The system uses Mindstar Productions' Cinergy Motion Picture
Production System On-Set Module to integrate metadata—timecode,
director's comments, location, lens/filters, actors and circled
takes—into the HD footage, making it immediately accessible to an
editor in post-production. Playback is done on an enhanced PC
version of Panasonic Broadcast's iDVR-100/200.
Quandt said DVD-RAM is the format of choice because of its
random-access capabilities and relatively low cost when compared to
digital VHS tape. "High-definition video playback devices are very
expensive to rent, so that can be cost-prohibitive," he said. "And
DVD-R isn't a true random-access format.
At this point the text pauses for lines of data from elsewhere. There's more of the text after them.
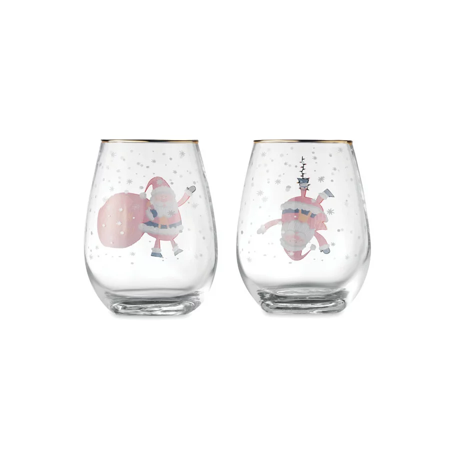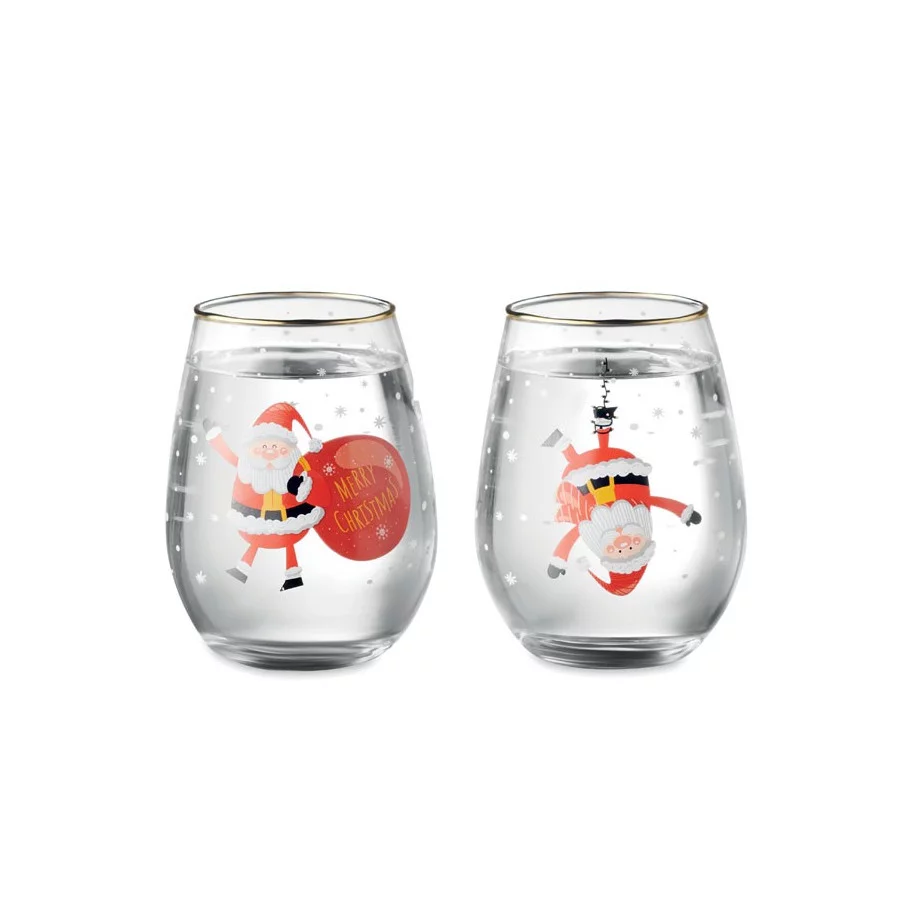 Découvrez notre lot composé de 2 verres de Noël avec bord doré personnalisable d'une contenance de 330 ml. . Présentés dans une boîte cadeau elle aussi personnalisable.
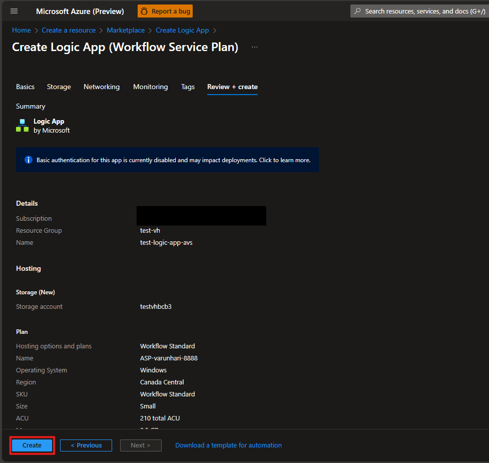 - Enter the Subscription you intend to use, the Resource Group chosen to house this instance. Give it a name and select a region. If your log management server is hosted in Azure—including within your Azure VMware Solution private cloud—ensure you select the same region as the Azure Virtual Network connected to your log management server. Otherwise, the integration will fail. The default Windows plan is Workflow Standard WS1 (210 total ACU, 3.5 Gb memory, 1 vCPU) which should be enough to handle log volumes from large workloads. This option can always be adjusted later, as needed. After filing these details, select Review + create.
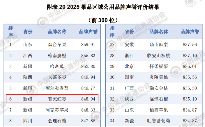 此次入选全国果业品牌建设典型案例,是对若羌红枣品牌战略与实践成果的充分肯定。国家相关部门在案例汇编中特别指出,若羌红枣的成功经验为全国特色农产品品牌化发展提供了可复制、可推广的范例,尤其在标准化生产、品牌营销与产业融合方面具有重要示范意义。依托卓越的品质优势和持续的品牌建设,“若羌红枣”品牌价值持续攀升,在2025中国果品区域公用品牌价值榜中以51.49亿元位列第21位,在品牌声誉榜中以848.94分高居第六名,品牌影响力和市场竞争力不断增强。

Plus, the throughput on
DVD-RAM is sufficient for digital high definition."
It's also the industry standard, according to Quandt, even though
not everyone in the movie industry realizes it. "We were setting up
with a company in New York that said their regular video supply
house was having trouble tracking down some DVD-RAM media, and that
it would cost about $50 a unit," Quandt laughed. "I said, 'Did you
try CompUSA?' They're not used to media being both standard and
widely available."
The Heuris/Cohen Digital Dailies post-production system might
save money in labor, time and film—Heuris estimates it can help a
moviemaker save up to $300,000 on a Hollywood feature—but it's still
not cheap. The system rents out for $2200/week, and includes a
Tandberg M5820 HD multiformat MPEG-2 encoder, an ASI capture
station, DVD-RAM recorder, and flat-panel display. A studio playback
system, which includes just a PC with a DVD-RAM drive and monitor,
rents for $300/week, while a complete on-location playback
system—including a 7'6"x10' Dalite front-projection screen, JVC
video projector, and powered speakers—rents for $1,000/week. Plasma
displays also are available for an additional $500/week.
The Digital Dailies solution was first used on the Richard Gere
thriller The Mothman Prophecies (where digital playback also
was used at early audience test screenings), and Mothman
director Mark Pellington said "he'll never do it any other way,"
according to Quandt. More recently, it's been used on the set of the
martial-arts movie Bulletproof Monk and The Human
Stain, the film adaptation of a Philip Roth novel, starring
Nicole Kidman and Anthony Hopkins, due in 2003.